Walz and AOC are relative newcomers. On the other hand, Clinton and Kerry have been around for nearly half a century. Both started in the 1960s student and anti-war movements, where free speech was a rallying cry. They initially positioned themselves within the counterculture—it didn’t occur to anyone to question their commitment. It now looks like their commitment to the First Amendment was strategic.

The countercultural aura was anarchic and irreverent. It went along with the design of our nation—the Founding Fathers created a republic that would be difficult to govern because any significant change would require a consensus that would be near-impossible to arrange.

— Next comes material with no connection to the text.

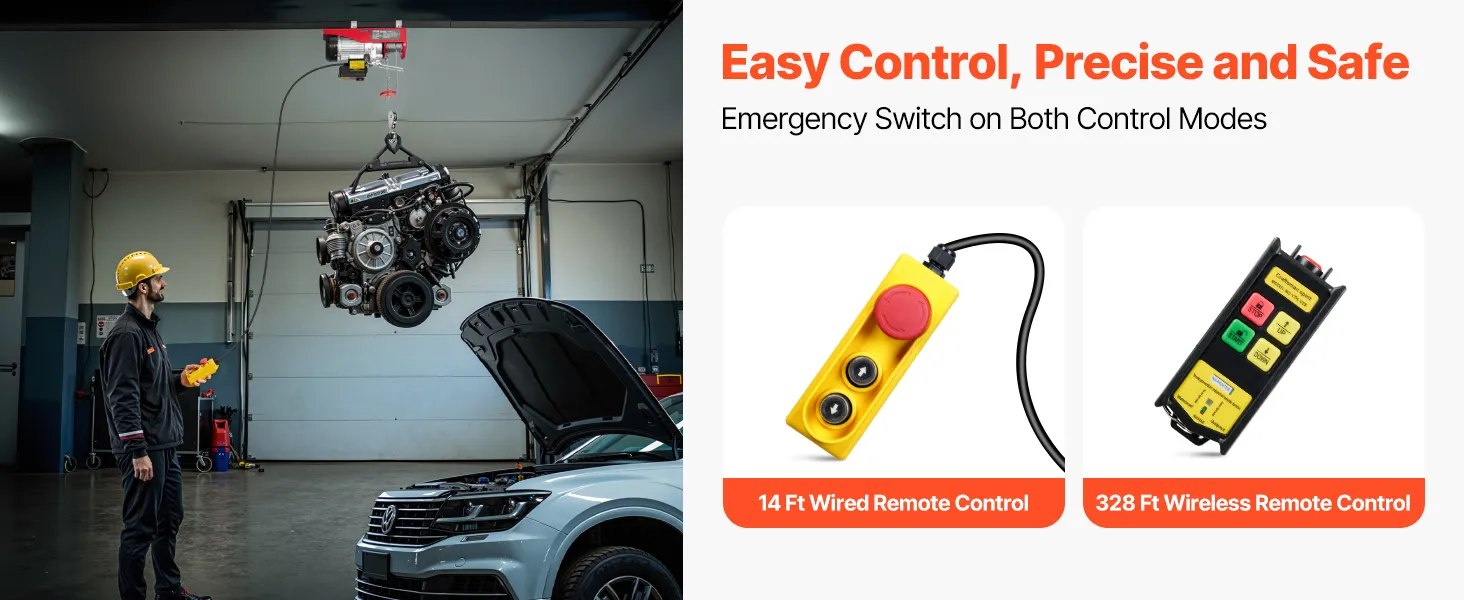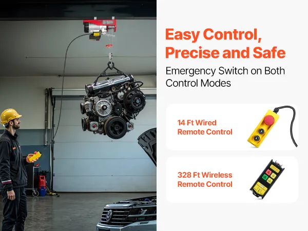 Whether you're up close or far away, this ceiling lift has you covered with both wired and wireless controls. With a wireless range of up to 328 ft (100 m) and an emergency stop switch, you've got peace of mind and flexibility to get the job done right.

The fact that the opponents of the First Amendment bring up misinformation and hate speech — the supposed limits of free expression — while they assert the right to violence and intimidation through rioting and blocking roads suggests that they are trying to create entirely new power dynamics. The old consensus on tolerance and freedom of expression is in danger.

Individuals with access to power—think BLM and SJP, not January 6—are given the mandate to use the heckler’s veto. The Democrat Party vanguard, including legacy politicians, is waiting for the opportunity to consolidate their grip on the nation via the democratic process and manipulate social media platforms to ensure ascendancy. How many Americans want their votes back?